If users are willing to relinquish some control over storage, data lakes of information held in a raw format can be nodes in larger federated networks. Data lakes move unstructured data onto cloud architecture. This improves access and lowers the costs of analysis. Data lakes can also enable the development of services. For instance, when the US National Oceanic and Atmospheric Administration (NOAA) published data from its Next Generation Weather Radar in the cloud, the information was used to analyse and track bird migrations3.

The UN Educational, Scientific and Cultural Organization (UNESCO) should lead an effort to develop standards for tagging and metadata. The organization should require that all data collected use these protocols and are made publicly available.

Open data. Sharing must be established as a new default unless there are compelling security, proprietary or privacy constraints. New standards could allow industry and military data holders to define data tags that make robust, long-term data sets automatically available after any embargoes have expired.

Governments must lead the way by aggressively declassifying and sharing data that are relevant to ocean science and management. The technical obstacles can now be overcome, as we have set out here. Companies and researchers can be incentivized to share data by making it a condition for access to public resources, such as funds for ocean research, permits for coastal development or licences for oil exploration or fishing.
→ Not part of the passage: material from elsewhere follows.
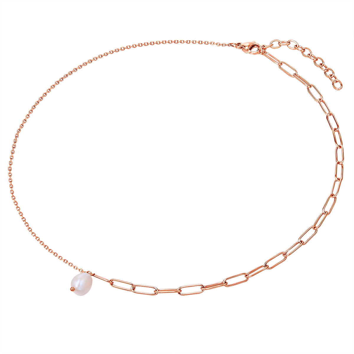 Kette Edelstahl roségold Süßwasser-Zuchtperle weiß

Companies that sell or process fish and seafood are already moving to introduce greater transparency into their supply chains. For instance, 65 major retailers, processors, marketers, traders and harvesters signed the Tuna 2020 Traceability Declaration in 2018, committing to full traceability of all tuna products by the end of 2020 (see go.nature.com/3c4wrpv). They are responding to growing consumer demand for better information on the goods they sell and their provenance, legality and social and environmental sustainability. Recognition is growing that better visibility across supply chains allows companies to understand and manage risks. They must build on these efforts.

Researchers must commit to collecting data using standardized protocols and metadata. They can build on the existing standards of the ocean-science community, including the US Integrated Ocean Observing System and Ocean Best Practices system (see go.nature.com/3ebwjtc). Work is needed to integrate these standards and incentivize their adoption.
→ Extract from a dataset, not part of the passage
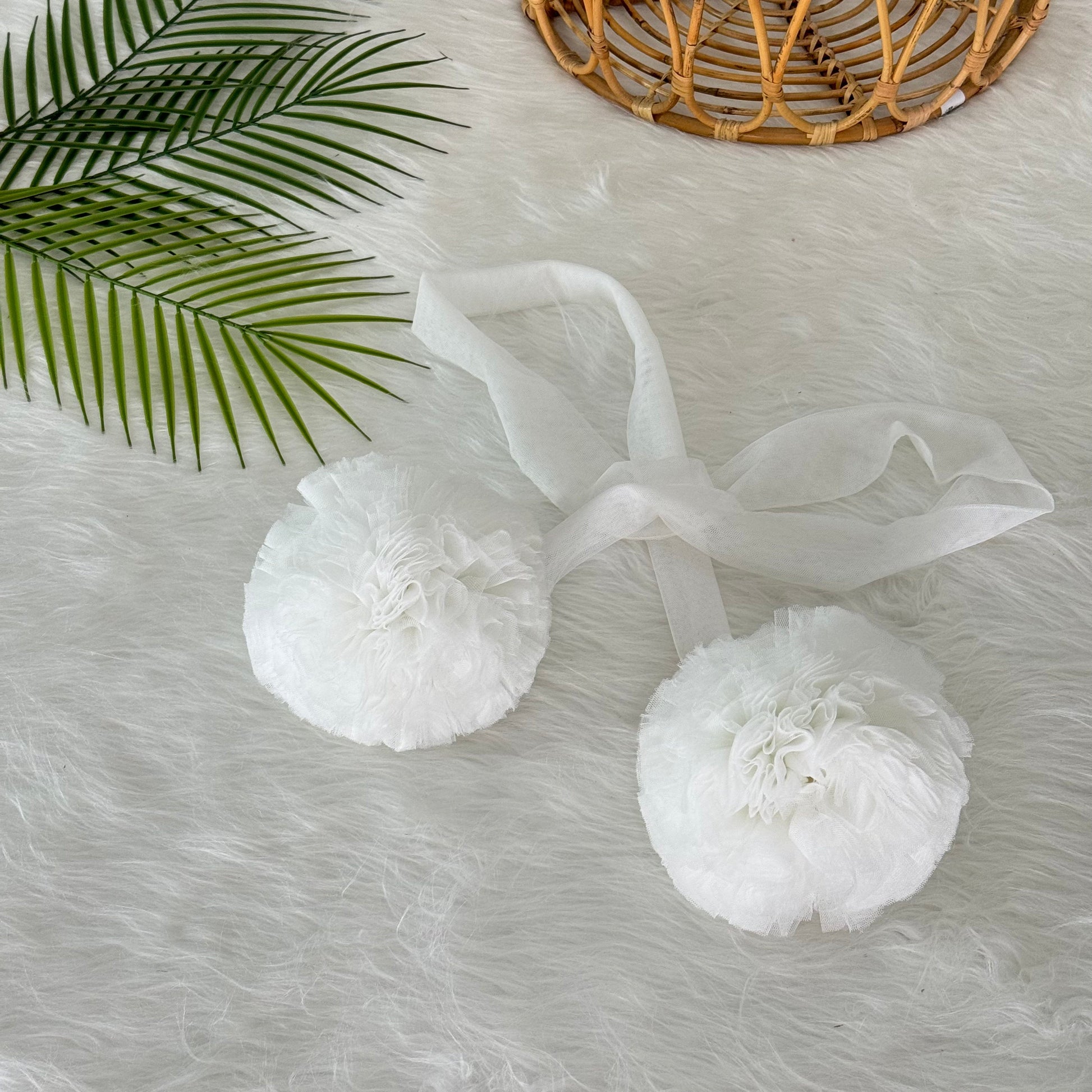 İkili Ponpon - Beyaz

And what of credit? Assigning DOIs (digital object identifiers) to data sets can ensure that scientists are recognized for contributing to them. Networks that allow researchers to publish their data in one place with global access will remove many of the other logistical barriers to sharing. Embargo windows give researchers time to publish scientific findings before the data are made available to all. For example, the UK Natural Environment Research Council requires those it funds to publish all data within two years of the end of data collection.

Business models. The provision of ocean data is an important public good, supporting sustainable management globally. However, the costs associated with standardizing and disseminating data are high: about 10–20% of the budget of oceanographic research projects. Most existing research databases rely on public funding. There is an urgent need for new revenue models that can make data more broadly available. This requires innovation in business models.
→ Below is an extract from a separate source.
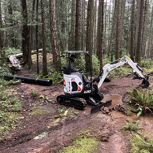 Yer Mom is Hornby’s only Double Black Diamond trail. It has a number of elevated wooden stunts but some of these have started to decay. We’ve decided to replace a stretch of them with a new dirt-jump section. While it would be nice to rebuild the wooden stuff, we have to recognize that anything made from wood is going to rot eventually. We rented a small tracked excavator for the dirt moving, which also proved to be useful in the placement of a much-needed culvert.

As private data sources proliferate, investors, philanthropic organizations and governments should invest in approaches that combine commercial viability with support for data management. For example, private satellite and drone providers already sell data to governments and large companies. They can make these data available in delayed or slightly degraded form to coastal communities and developing countries that can’t afford to pay for them.

Businesses should also find ways to incentivize better data collection throughout their supply chains. Thai Union, a major seafood company in Samutsakorn, Thailand, for instance, is piloting the use of a blockchain ledger with a technology company called Fishcoin to reward small-scale fishers in mobile-phone minutes for collecting and sharing data. Of course, such data must be shared in a useful and actionable format, consistent with the standards used by scientists and governments.

Governments should continue to provide free access to raw oceanographic data for all users. Insurance companies, weather forecasters for precision agriculture, and others use raw ocean and climate data to develop lucrative knowledge products.

Payments for these analytical services create opportunities to support research databases in the long term4. NOAA’s Big Data Program provides a model. NOAA has partnered with Amazon and other technology firms to put data sets in the cloud so they are freely available to the public. Amazon gains insights into future knowledge-based services by analysing data-usage patterns. In return, NOAA has seen access to some data more than double, increasing their utility at no cost to the government.

However, it is risky to rely on public–private partnerships to reduce the costs of network infrastructure. Companies such as Amazon could decide that hosting ocean data is no longer economically viable, or a firm might disappear from the market. Moreover, such partnerships can be significantly influenced by financial and political pressures beyond the scientific and stewardship needs of the data. Public entities can protect against these eventualities by partnering with a variety of companies, and by ensuring that data remain backed up on publicly funded servers.

Global coordination and commitment is needed. The UN Decade of Ocean Science for Sustainable Development is an opportunity to revolutionize how ocean data are collected, stored and used.